The data –
══════

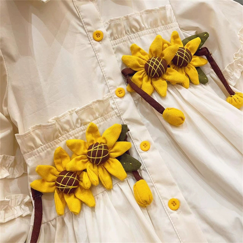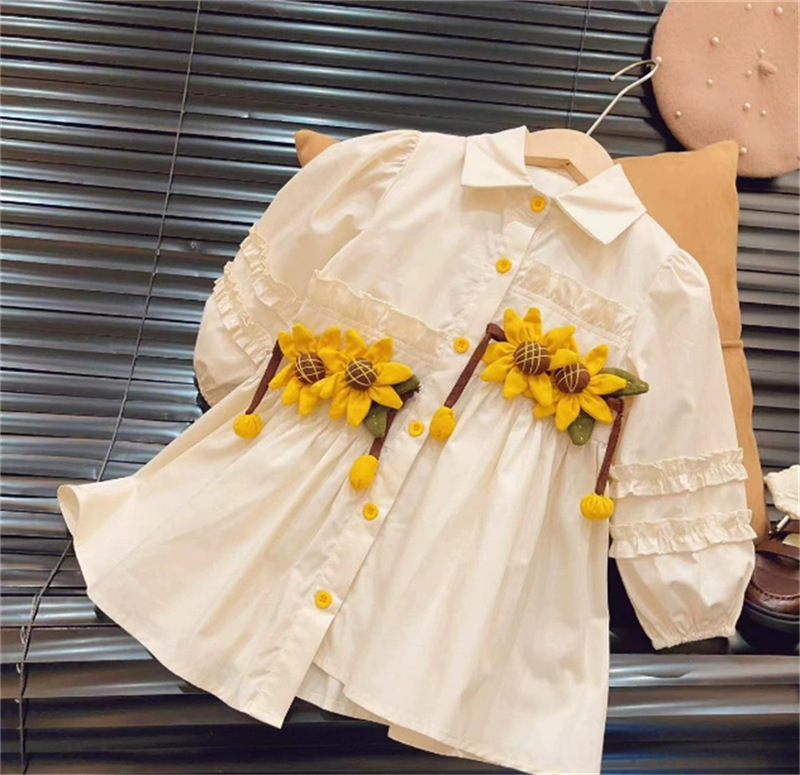 어린이 의류 소녀 긴 소매 원피스 해바라기 어린이 귀여운 치마 셔츠 원피스 아기 새 공주 원피스 어린이 치마스토어 가기
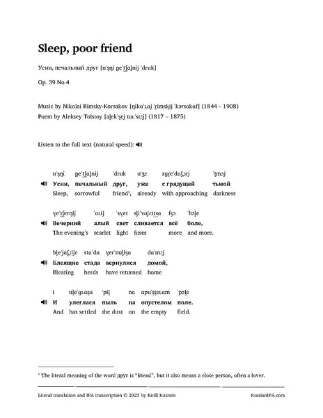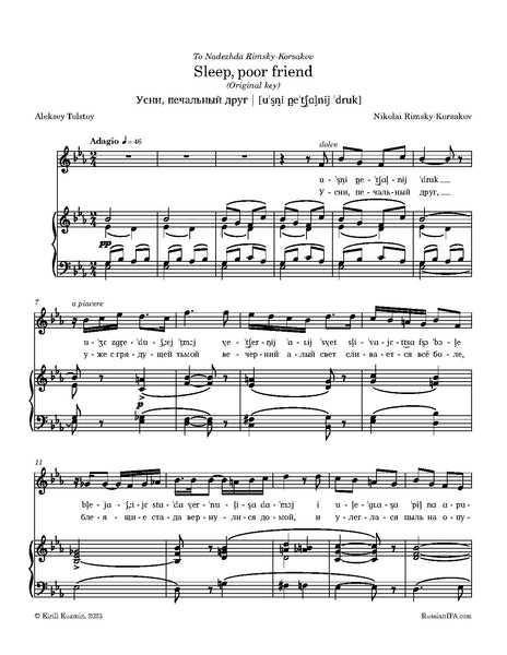 Sleep, poor friend (Усни, печальный друг), Op. 39 No.4 by Rimsky-Korsakov (8 pages)
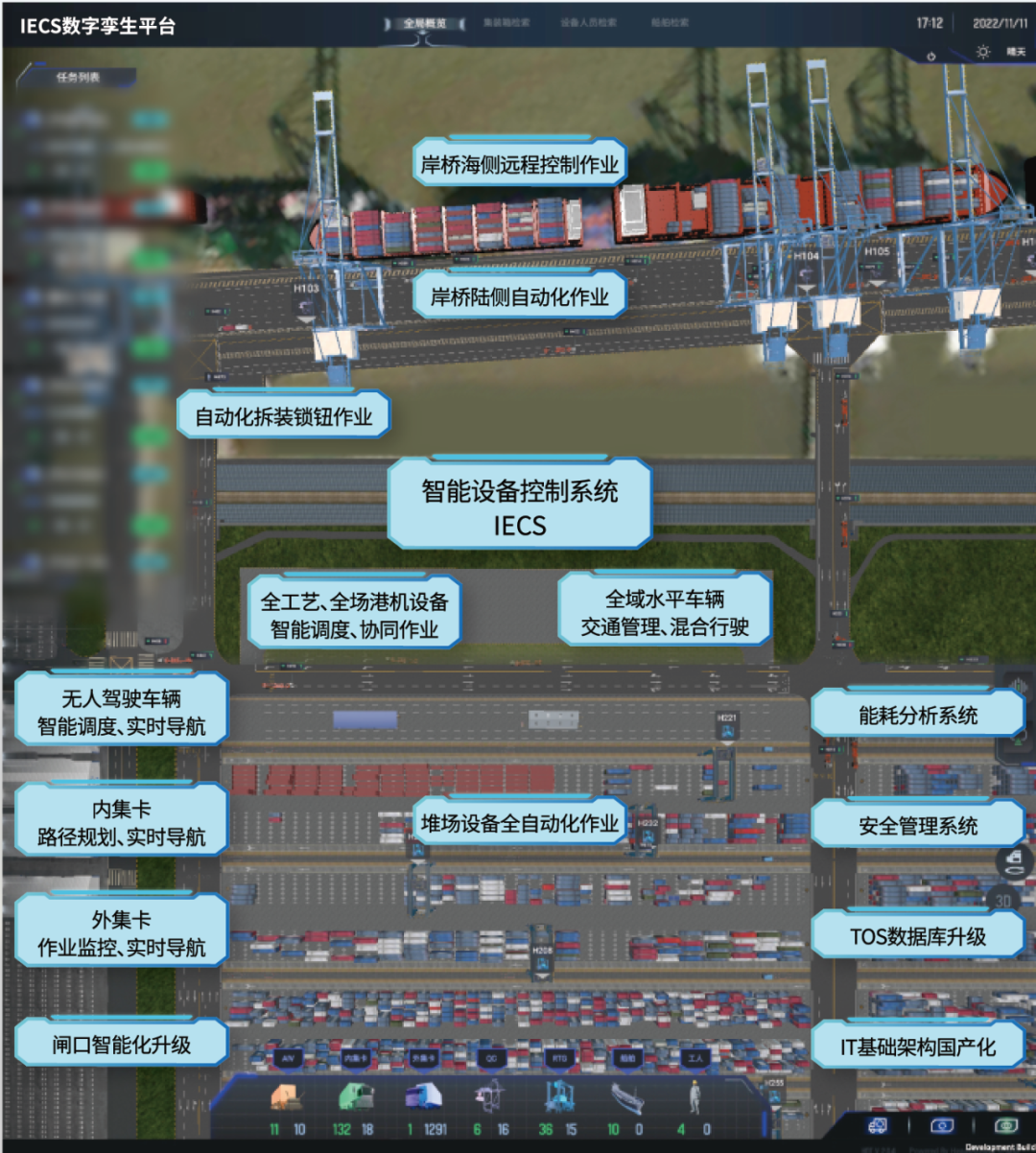 天玑智慧港口解决方案在调度层面上自主研发了码头智能设备控制系统(简称“IECS”),用以代替码头生产作业人员的大脑,并在此基础上打造了场桥全自动化改造、岸桥远程自动化升级、智能拆装锁钮机系统、内集卡智能管理终端、外集卡智能管理APP、有人/无人驾驶水平运输车辆混合作业系统、全场港机设备智能调度系统等具体落地方案,极大地促进了码头生产、管理的变革,提升了码头作业能力、对外服务水平和经济效益。

══════

Task requirements – The output is the data above, repeated exactly, with pictures omitted.

Answer to this task –
 어린이 의류 소녀 긴 소매 원피스 해바라기 어린이 귀여운 치마 셔츠 원피스 아기 새 공주 원피스 어린이 치마스토어 가기
 Sleep, poor friend (Усни, печальный друг), Op. 39 No.4 by Rimsky-Korsakov (8 pages)
 天玑智慧港口解决方案在调度层面上自主研发了码头智能设备控制系统(简称“IECS”),用以代替码头生产作业人员的大脑,并在此基础上打造了场桥全自动化改造、岸桥远程自动化升级、智能拆装锁钮机系统、内集卡智能管理终端、外集卡智能管理APP、有人/无人驾驶水平运输车辆混合作业系统、全场港机设备智能调度系统等具体落地方案,极大地促进了码头生产、管理的变革,提升了码头作业能力、对外服务水平和经济效益。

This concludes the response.